However, I thought you might like it if I shared a few pictures with you and tell you about my rug hooking adventure in Zambia.

My husband is from Zambia and 6 years ago, on a visit to his home village (near Lundazi in the eastern part of the country, close to Malawi), he started a project to build a library.  There are few libraries in the country and probably none (beyond something very small) in rural areas.   A Building Committee was formed locally to oversee the construction of the building, which included making the bricks by hand from local clay-rich soil and baking them in a kiln right next to the library site.

The building is quite large and, in addition to the library, has an office, a community room and one other room that has been used for temporary housing up to this point.  In December 2011, a shipment of about 3,700 books arrived and were stored there waiting for the construction to be completed.  There’s room for about 6,000 more books.  Shelving, tables and chairs also had to be built.  When I went to Zambia at the beginning of December 2012, my husband had already been there since mid-October, on sabbatical from his college teaching job, helping to wrap up the construction. A week after I arrived, the library held its grand opening and ribbon cutting ceremony.  It was a wonderful, proud day!

There is an enthusiastic women’s group attached to the library.  A few years ago my husband told them about my rug hooking and they were very interested to learn about it.  I talked about this with some of my local hooking friends here in Virginia.  In December 2011 we sent some books and a few samples of supplies and hooking with my husband.  I also asked him to bring back samples of fabrics and backing that could be found there and used for hooking so I could play with it here.  At this point, I wasn’t sure how to go about getting the women further along with rug hooking.

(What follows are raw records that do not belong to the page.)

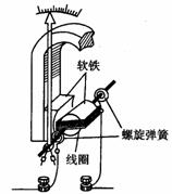 磁电式电流表的构造:如图所示,在一个磁性很强的蹄形磁铁的两极间有一个固定的圆柱形铁芯,铁芯外面套有一个可以绕轴转动的铝框,铝框上绕有线圈,铝框的转轴上装有两个螺旋弹簧和-个指针,线圈的两端分别接在这两个螺旋弹簧上,被测电流经过这两个弹簧流入线圈。
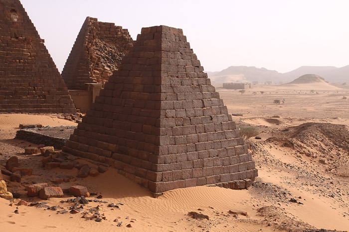viereckigen Basen. Die Pyramide selbst war abgetragen und die
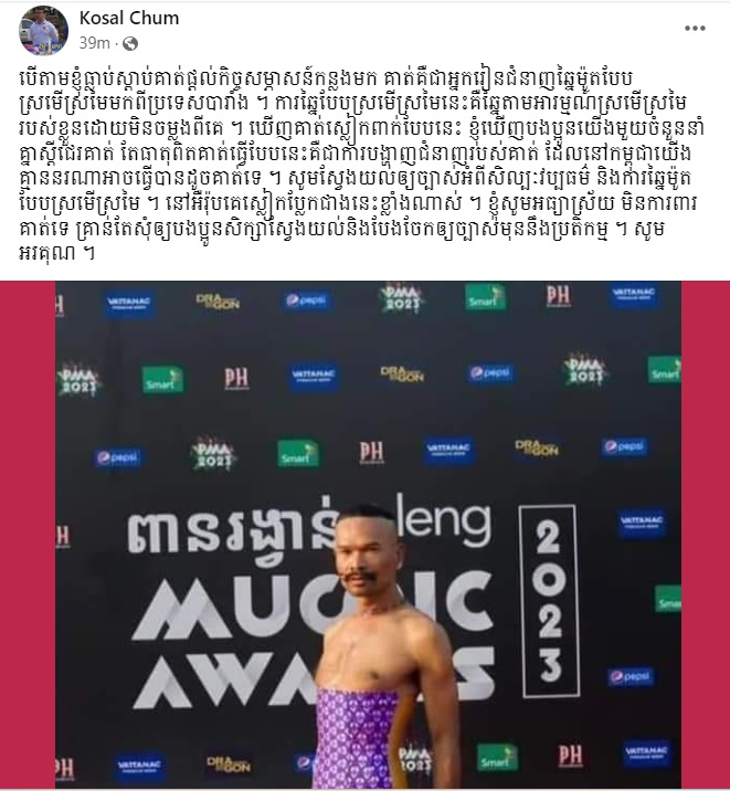 ជាមួយគ្នានេះផងដែរ ឯកឧត្តម ជុំ កុសល រដ្ឋលេខាធិការក្រសួងព័ត៌មាន នៅថ្ងៃទី២០ ខែមីនានេះ បានបង្ហាញនូវមតិជុំវិញរឿងរ៉ាវមួយនេះដោយឯកឧត្តមបានសរសេររៀបរាប់ថា៖ «បើតាមខ្ញុំធ្លាប់ស្តាប់គាត់ផ្តល់កិច្ចសម្ភាសន៍កន្លងមក គាត់គឺជាអ្នករៀនជំនាញច្នៃម៉ូតបែបស្រមើស្រមៃមកពីប្រទេសបារាំង។ ការច្នៃនៃបែបស្រមើស្រមៃនេះគឺច្នៃតាមអារម្មណ៍ស្រមើស្រមៃរបស់ខ្លួនដោយមិនចម្លងពីគេ។ ឃើញគាត់ស្លៀកពាក់បែបនេះ ខ្ញុំឃើញបងប្អូនយើងមួយចំនួននាំគ្នាស្តីជេរគាត់ តែធាតុពិតគាត់ធ្វើបែបនេះគឺជាការបង្ហាញជំនាញរបស់គាត់ ដែលនៅកម្ពុជាយើងគ្មាននរណាអាចធ្វើបានដូចគាត់ទេ។ សូមស្វែងយល់ឲ្យច្បាស់អំពីសិល្បៈវប្បធម៌ និងការច្នៃម៉ូតបែបស្រមើស្រមៃ ។ នៅអឺរ៉ុបគេស្លៀកប្លែកជាងនេះខ្លាំងណាស់។ ខ្ញុំសូមអធ្យាស្រ័យ មិនការពារគាត់ទេ គ្រាន់តែសុំឲ្យបងប្អូនសិក្សាស្វែងយល់និងបែងចែកឲ្យច្បាស់មុននឹងប្រតិកម្ម ។ សូមអរគុណ»។
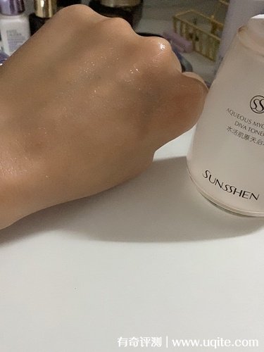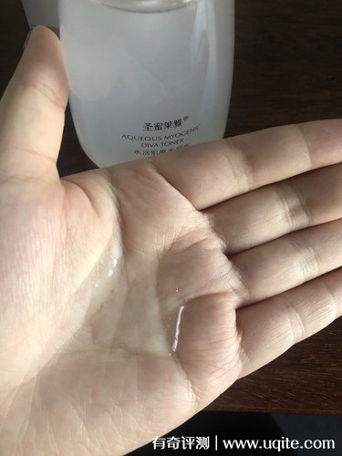 這款圣蜜萊雅天后水的包裝還挺好看的,而且按壓頭的設計,平時用起來就很方便控制使用量。這款天后水是透明的液體質地,上手使用流動性就還挺強的。

I didn’t know when I would make it to Zambia (it’d been 23 years since I’d lived there), and I wasn’t sure it was something they could do without some in-person instruction.  As things developed this past fall, I planned to join my husband and knew I could then teach them about rug hooking in person.  I gathered some more supplies and books with the help of my hooking friends in the states.  A rug hooking class was scheduled for a few days after the library’s opening.  This was the first official use of the new community room.

I had never taught rug hooking before and, in this case, would do so with limited resources in an unknown environment.  So, planning what I would do was perhaps more challenging than average.  Your blog from January 14th about teaching the weavers and spinners was reassuring because I discovered that I had followed the same general outline as you did.  I started with visuals.  I didn’t have real rugs to show the women, but had plenty of pictures in the books I brought.  I wanted them to see a wide variety of styles, colors, sizes, designs, etc.  There were many ooohhhs and aaahhhs as they looked at the pictures!

One of my teaching resources was The Rug Hooker’s Bible!  I thought you’d like to know that your book found it’s way to this women’s group in Zambia!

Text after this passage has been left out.